If you want to, you can train the required model by following the Keras example here: https://keras.io/examples/structured_data/structured_data_classification_from_scratch/.

Running on Valohai

To easily run our batch inference on Valohai, we will use it to run our code from the very beginning.

If you don’t already have a Valohai account, go to https://app.valohai.com/ to create one for yourself.

Create a new folder for our project, then run the following commands in the project folder:

vh login
# fill in your username
# and your password

vh init
# Answer the wizard questions like this:
# "First, let's..." -> y
# "Looks like..." -> python batch_inference.py, then y to confirm
# "Choose a number or..." -> tensorflow/tensorflow:2.5.0, then y to confirm
# "Write this to..." -> y
# "Do you want to link..." -> C, then give a name for your project, then select your user

Edit the generated valohai.yaml so that it looks like this:

---

- step:
    name: Batch Inference
    image: tensorflow/tensorflow:2.5.0
    command:
    - pip install pandas valohai-utils
    - python batch_inference.py
    inputs:
    - name: model
      default: s3://valohai-public-files/tutorials/batch-inference/csv-batch-inference/model.zip
    - name: images
      default: s3://valohai-public-files/tutorials/batch-inference/csv-batch-inference/data.csv

What we are doing here is defining a single step for our machine learning pipeline, which is the Batch Inference step. We will run on top of the official tensorflow/tensorflow:2.5.0 Docker image, first install the valohai-utils Python library and then run our batch inference code.

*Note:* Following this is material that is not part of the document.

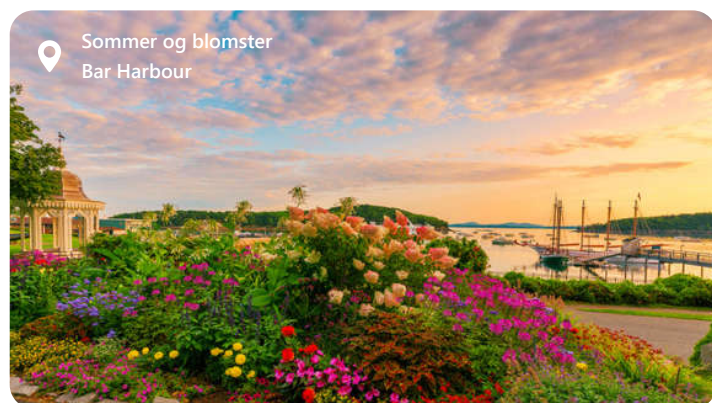
Sommer og blomster Bar Harbour

Let’s test that everything is set up correctly by running on Valohai:

vh exec run --adhoc "Batch Inference"

If everything went as planned, we should see our Valohai execution end after finding out that batch_inference.py is missing:

Error, but success!

Unpacking the Model

Today we are unpacking the model ourselves. Let’s get started by creating and opening up batch_inference.py in your favorite editor!

Add these imports to the beginning of the file:

import json
from zipfile import ZipFile

import pandas as pd
import tensorflow as tf
import valohai as vh

For unpacking the model, we will only need zipfile and valohai, but we will use the rest of the imports soon enough.

Next, unpack the model to a folder called model in the current working directory:

with ZipFile(vh.inputs('model').path(process_archives=False), 'r') as f:
    f.extractall('model')

Done!

Loading and Using Our Model

Begin by loading our model:

model = tf.keras.models.load_model('model')

Easy, huh? Let’s load up the data:

csv = pd.read_csv('data.csv')
labels = csv.pop('target')
data = tf.data.Dataset.from_tensor_slices((dict(csv), labels))
batch_data = data.batch(batch_size=32)

Aaand we are almost done. Run the model with the loaded up data. While we’re at it, let’s log and save the results as a JSON file:

results = model.predict(batch_data)

# Let's build a dictionary out of the results,
# e.g. {"1": 0.375, "2": 0.76}
flattened_results = results.flatten()
indexed_results = enumerate(flattened_results, start=1)
metadata = dict(indexed_results)

for value in metadata.values():
    with vh.logger() as logger:
        logger.log("result", value)

with open(vh.outputs().path('results.json'), 'w') as f:
    # The JSON library doesn't know how to print
    # NumPy float32 values, so we stringify them
    json.dump(metadata, f, default=lambda v: str(v))

Let’s run the batch inference on Valohai:

vh exec run --adhoc "Batch Inference"

If everything went according to plan, you can now preview the results in the Outputs tab:

Results of our batch inference execution